The Flow-Clutch Scale: Translation and validation study of the Chinese version

The psychology of optimal performance has attracted great attention in the scientific community since it was proposed by Csikszentmihalyi and Csikzentmihaly [1]. Flow, as the primary construct in the field of optimal experience, refers to a highly positive and intrinsically rewarding psychological state [1]. The concept of flow has been explored and widely applied in sport, exercise, and performance psychology [[2], [3], [4]]. In this regard, several studies [e.g., [5], [6], [7]] have shown that flow experience is closely associated with measures of athletic performance and mental reward. The traditional nine-dimensions framework of flow proposed by Csikszentmihalyi [8] has been widely recognized, including: (1) challenge-skills balance (i.e., the balance between perceived challenge and perceived skills), (2) clear goals (i.e., a clear set of goals that can provide direction and purpose), (3) unambiguous feedback (i.e., clear feedback to actions), (4) action-awareness merging (i.e., a merged awareness with one person's actions), (5) concentration on the task at hand (i.e., a centering of attention on the present task without distraction), (6) sense of control (i.e., a lack of anxiety about losing control), (7) loss of self-consciousness (i.e., the self as an object of awareness fades), (8) time transformation (i.e., altered sense of time), and (9) autotelic experience (i.e., intrinsically rewarding experience without goals or rewards external to itself) [9]. These nine dimensions have been the basis of two frequently used instruments to assess flow states, namely the Flow State Scale-2 (FSS-2) and the Dispositional Flow Scale-2 (DFS-2) [10].

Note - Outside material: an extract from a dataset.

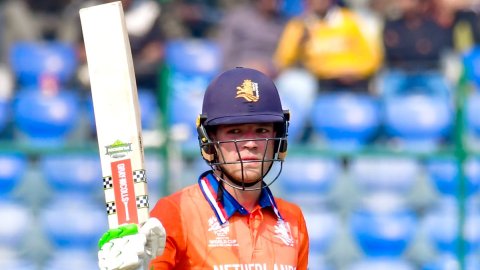 Arun Jaitley Stadium: When Bas de Leede entered the Netherlands bowling attack, Namibia were cruising at 94/2 in 12 overs on a sticky pitch at the Arun Jaitley Stadium. Jan Nicol Loftie-Eaton was at 38 off 33 balls, while captain Gerhard Erasmus looked dangerous in hammering 18 off eight balls – 16 of which came in the previous over off Timm van der Gugten.
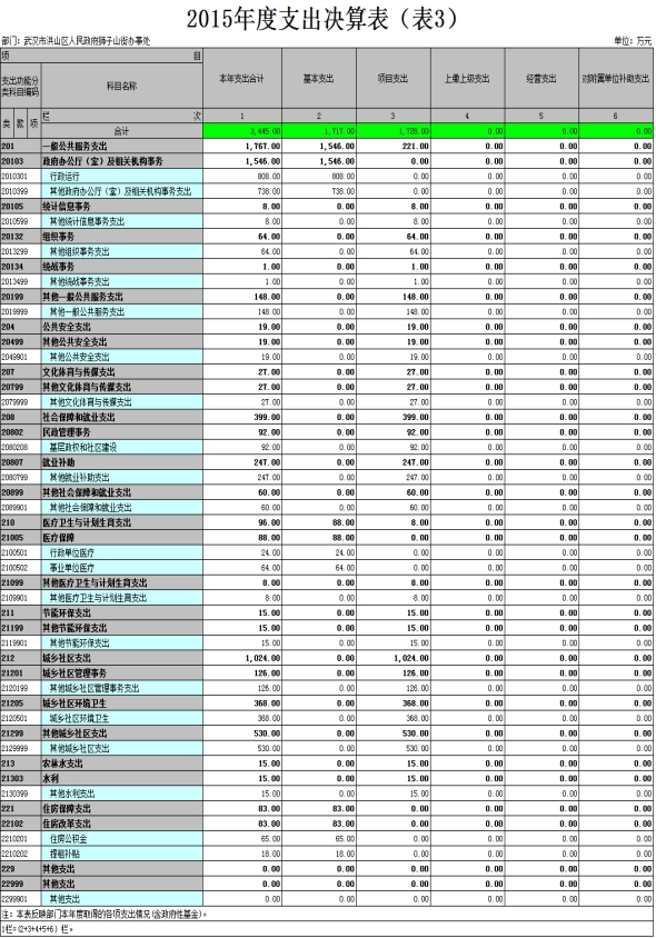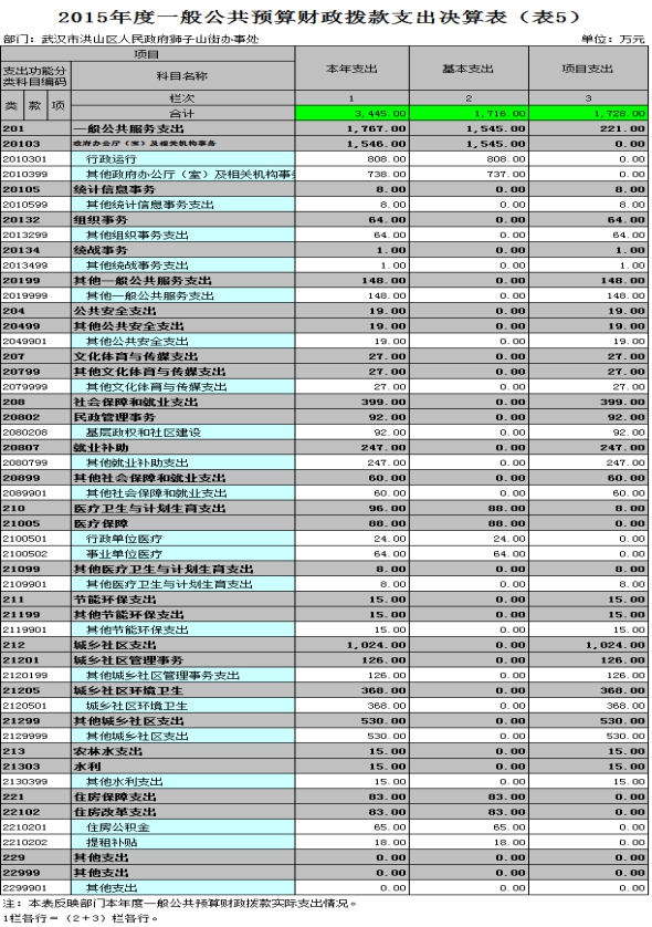 黄色网址 狮子山街办事处2015年度本年支出合计 3445万元。其中:基本支出 1717万元,占本年支出49.84 %,项目支出 1728万元,占本年支出50.16 %。

Several studies [[11], [12], [13], [14]] have noted that the flow state is not the only psychological state that is associated with optimal experience during physical exercises. For instance, Swann et al. [11] observed, based on reports from golfers, that there are two distinct kinds of psychological states underlying superior athletic performances, namely “letting it happen” and “making it happen”. The former occurs in situations matching the definition of flow state, while the latter was perceived in situations where a performance increment occurs under pressure (i.e., also known as clutch performance) [13,15,16]. The psychological state underlying clutch performance is termed as clutch state [12]. As described by Hibbs [16], a clutch state can occur in challenging situations (e.g., competitions being of importance for the athlete), in which the athlete copes with the stress and performs successfully largely due to her/his skills and efforts. This psychological state is characterized by intrinsic rewards such as a sense of achievement, confidence, and a motivational boost when the activity/task is successfully completed [17]. Clutch has been widely investigated and explored in the field of sport and exercise psychology, such as in basketball [18], tennis [19], or baseball [20].

Comparable to the flow state, the clutch state is characterized by a deliberate absorption in the performed activity, intense efforts, enhanced motivation, and a heightened awareness of the situational demands [21]. However, although flow and clutch share a number of overlapping characteristics, both states are actually separate psychological concepts occurring in different contexts of athletic performance. In particular, a clutch state occurs during pressure situations, whereas the flow state is characterized by an effortless and autotelic experience in the absence of critical thinking about the results of the actual performance [21]. Based on the analysis of the current state of the evidence on flow and clutch states in sport, Swann et al. [22] proposed an integrated model of flow and clutch states. Compared to the traditional approach to the psychology of optimal experience (e.g., Csikszentmihalyi's conceptualization of flow), this model provides a broader and more dynamic perspective towards the psychological states (i.e., flow and clutch) underlying superior athletic performance.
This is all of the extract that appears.